• [Data provided]
<<<<

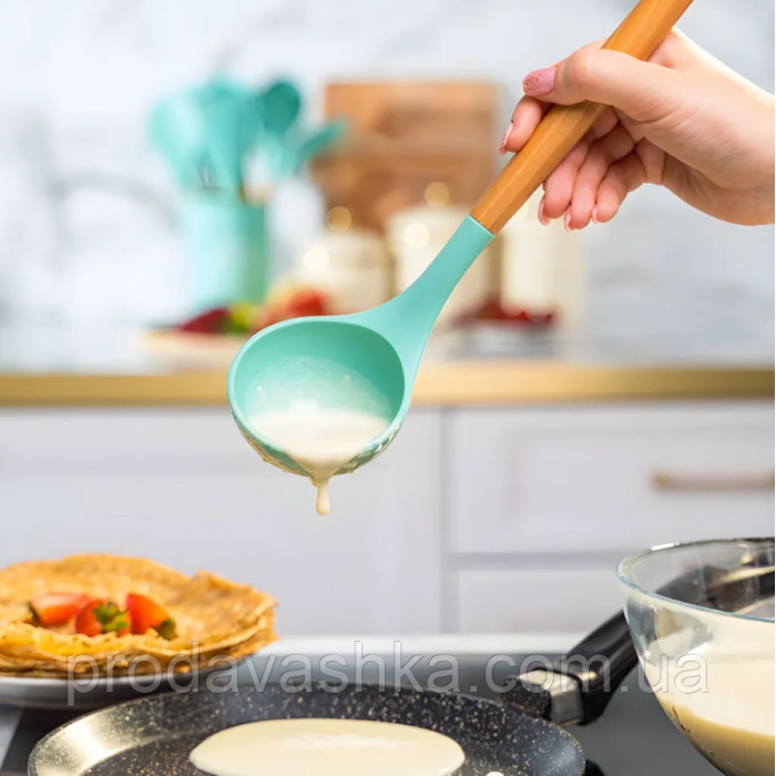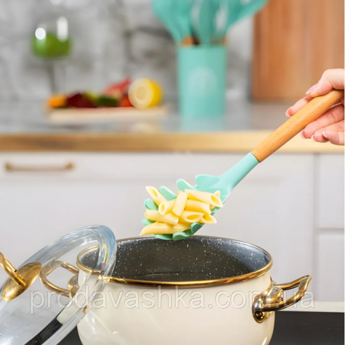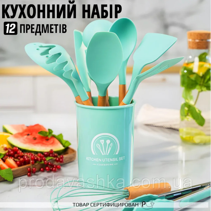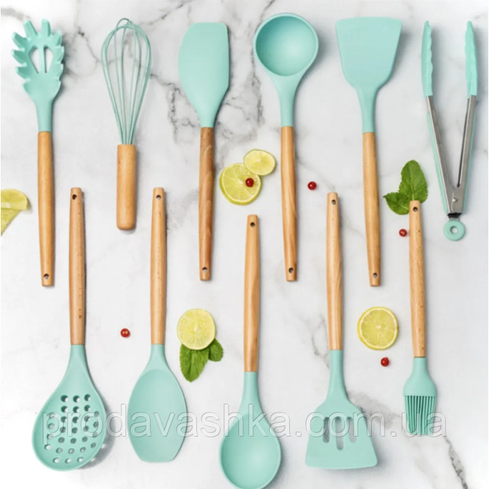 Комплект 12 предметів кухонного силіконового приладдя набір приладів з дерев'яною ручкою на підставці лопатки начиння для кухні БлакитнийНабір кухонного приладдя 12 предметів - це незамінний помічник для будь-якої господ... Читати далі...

>>>>
<<<<

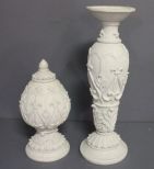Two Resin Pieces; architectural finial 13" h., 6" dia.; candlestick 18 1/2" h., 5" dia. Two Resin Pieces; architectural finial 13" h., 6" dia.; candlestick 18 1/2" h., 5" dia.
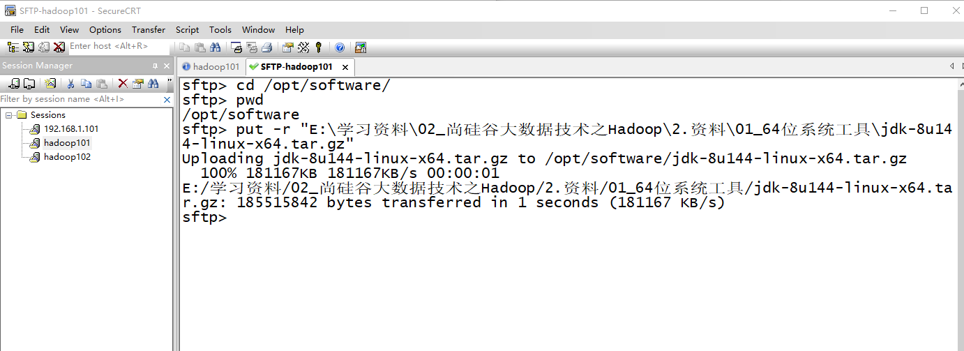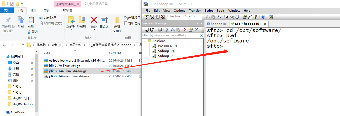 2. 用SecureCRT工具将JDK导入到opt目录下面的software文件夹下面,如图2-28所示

>>>>
<<<<

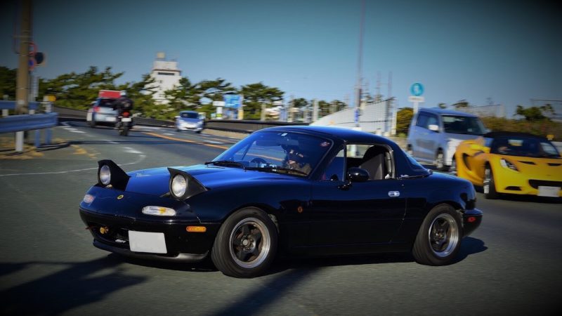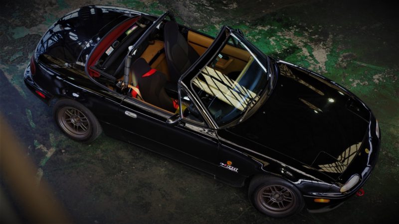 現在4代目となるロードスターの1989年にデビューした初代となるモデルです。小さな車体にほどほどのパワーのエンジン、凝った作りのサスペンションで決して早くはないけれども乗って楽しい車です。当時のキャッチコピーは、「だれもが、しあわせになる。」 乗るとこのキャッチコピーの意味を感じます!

>>>>

Range to print from the listing above: from the line with "dia. Two Resin" up to and including the line with "2. 用SecureCRT工". Please print those lines exactly, with no pictures and nothing more.

• [Exercise result]
Two Resin Pieces; architectural finial 13" h., 6" dia.; candlestick 18 1/2" h., 5" dia. Two Resin Pieces; architectural finial 13" h., 6" dia.; candlestick 18 1/2" h., 5" dia.
 2. 用SecureCRT工具将JDK导入到opt目录下面的software文件夹下面,如图2-28所示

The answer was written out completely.